Created attachment 363130 [details] PHP script to reproduce the problem When selecting a moderate number of rows over ODBC, PHP commits suicide: $ php ssp-test.php Connected to database... *** stack smashing detected ***: php - terminated php: stack smashing attack in function <unknown> - terminated Report to http://bugs.gentoo.org/ Killed This appeared after a (simultaneous) upgrade to gcc-4.7.3-r1 and php-5.5.4. It also happens with php-5.5.5. To reproduce, you'll need a few things: 1) dev-db/unixODBC and dev-db/myodbc installed 2) dev-lang/php built with USE=odbc 3) A mysql database for testing 4) An entry in odbc.ini for the mysql database 5) A PHP script to pull some rows out of the database I can provide (3) through (5). The mysql database I'm using is called 'php_ssp_test', and it contains one table "drivers" and one column "driver". The data for this database can be found in php_ssp_test.sql, and you should be able to pipe it directly inti to mysql after you create the php_ssp_test database. The attached odbc.ini goes in /etc/unixODBC/odbc.ini and provides a DSN for the MySQL database. The script ssp-test.php will connect to that DSN as the MySQL "root" user with password "password" (all of this is easy to change). It will then select all records from the 'drivers' table and print them one at a time.

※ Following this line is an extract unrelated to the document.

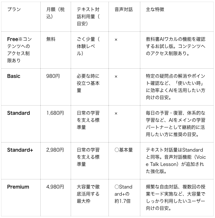 2025年12月現在は、同社が発行する2025年度版中学校英語教科書『NEW HORIZON』に対応しており、教科書に基づく練習問題や解説の生成、予習・復習サポート、発表や課題の準備など、学習者の学びを支援する。今後は同社発行の他の教科書にも順次対応を進めていく予定で、2026年春には2025年度版中学校数学教科書『新しい数学』に対応予定。
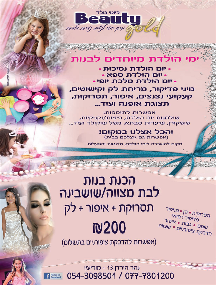 מכון יופי לנשים נערות וילדות הכנת בנות לבת מצוה יום הולדת לבנות..

Created attachment 363132 [details] Sample odbc.ini configured for a local MySQL
Created attachment 363134 [details] mysqldump of the php_ssp_test database
I should mention a workaround: if you recompile php without SSP, it will work. So for example, # gcc-config -l [1] x86_64-pc-linux-gnu-4.7.3 * [2] x86_64-pc-linux-gnu-4.7.3-hardenednopie [3] x86_64-pc-linux-gnu-4.7.3-hardenednopiessp [4] x86_64-pc-linux-gnu-4.7.3-hardenednossp [5] x86_64-pc-linux-gnu-4.7.3-vanilla # gcc-config 4 # source /etc/profile
I'm updating my @system to gcc-4.7.3 to test this, stay tuned.
Fix the smashing attack insstead of disable ssp Recompile glibc with use debug then you should get note what function it happens. just turn ssp of is a only a short way to hide the problem for the code error may be expliteble.
The fix has been committed upstream and merged into the 5.4, 5.5, and 5.6 branches. Just waiting for a release now.
Ok, the fix is in 5.5.8 in the tree.